___ Material provided ___

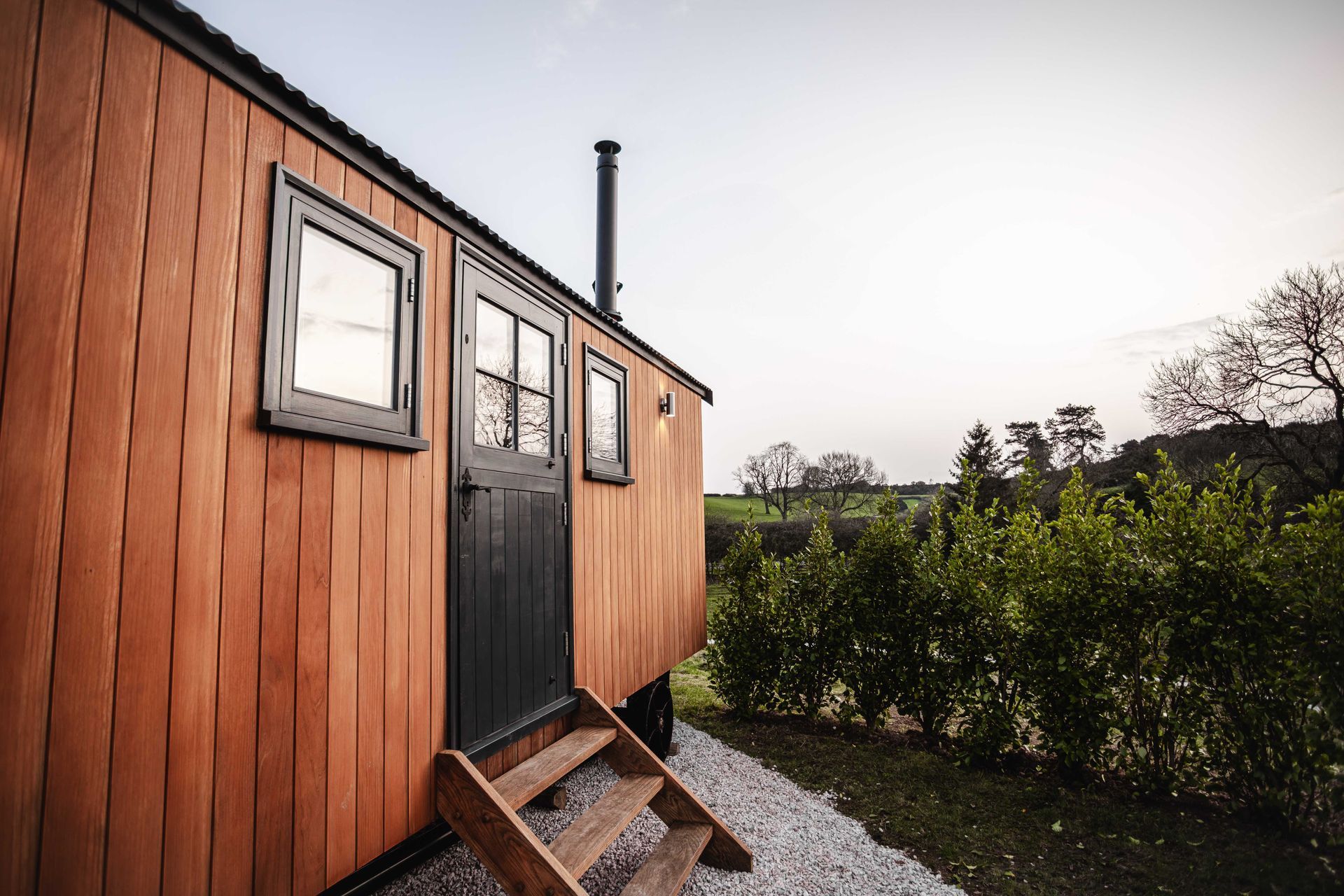 The standout is the wood-fired hot tub: light the fire, let it heat, and settle in under the open sky with a drink while the day winds down. It’s ideal for a romantic weekend, a reset after a long week, or a base for exploring the area—quiet, private, and all about doing things at an unhurried pace.
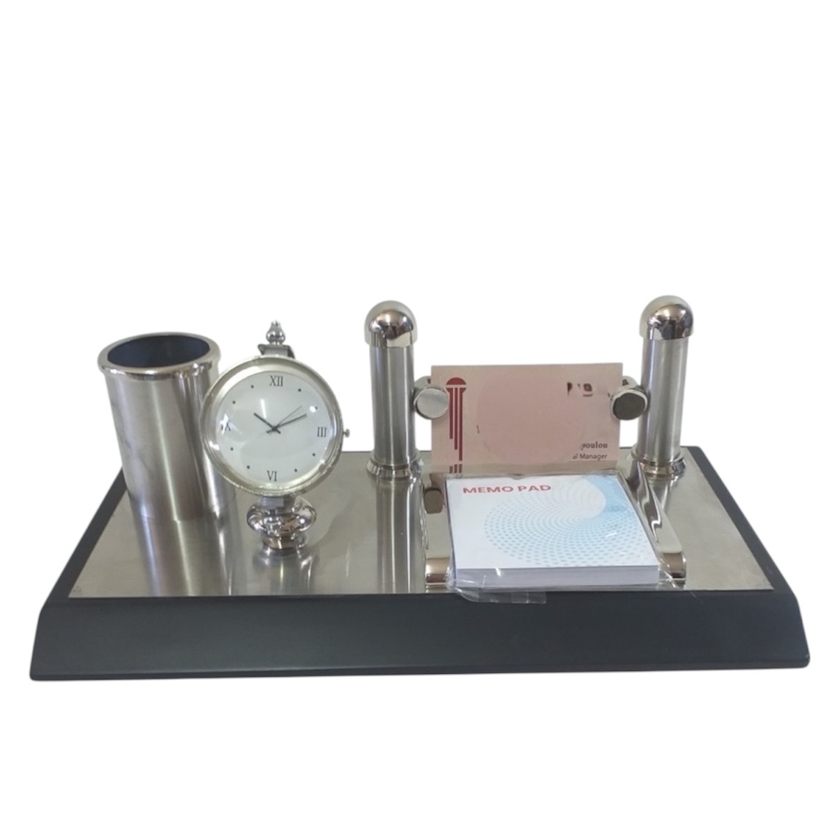 Διακοσμητικό σετ γραφείου μεγάλου μεγέθους με θέση για κάρτες, ρολόι μπαταρίας,μολυβοθήκη και θέση σημειώσεων.
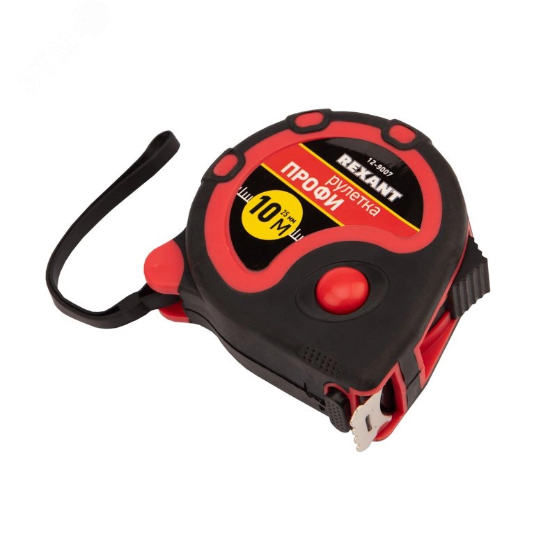 Измерительная рулетка REXANT 'Профи' необходима при проведении измерительных работ в строительстве, хозяйстве, ландшафтных и геодезических исследованиях. Эргономичный прорезиненный корпус выполнен из ударопрочного пластика, не скользит в руках. Для удобства использования рулетки предусмотрены кнопки стопора и фиксации тормоза. Полотно обладает удобным зацепом с отверстием посередине. На корпусе расположена клипса-зажим для фиксации рулетки на ремне, кармане или поясной сумке. Ремешок позволяет надевать инструмент на запястье, чтобы освободить руки для работы.

___

* _Task details_: Repeat the listing above from its first line through the line that contains "Διακοσμητικό σετ γραφείου", both included, and nothing more. Drop the pictures.

* _Exercise solution_:
 The standout is the wood-fired hot tub: light the fire, let it heat, and settle in under the open sky with a drink while the day winds down. It’s ideal for a romantic weekend, a reset after a long week, or a base for exploring the area—quiet, private, and all about doing things at an unhurried pace.
 Διακοσμητικό σετ γραφείου μεγάλου μεγέθους με θέση για κάρτες, ρολόι μπαταρίας,μολυβοθήκη και θέση σημειώσεων.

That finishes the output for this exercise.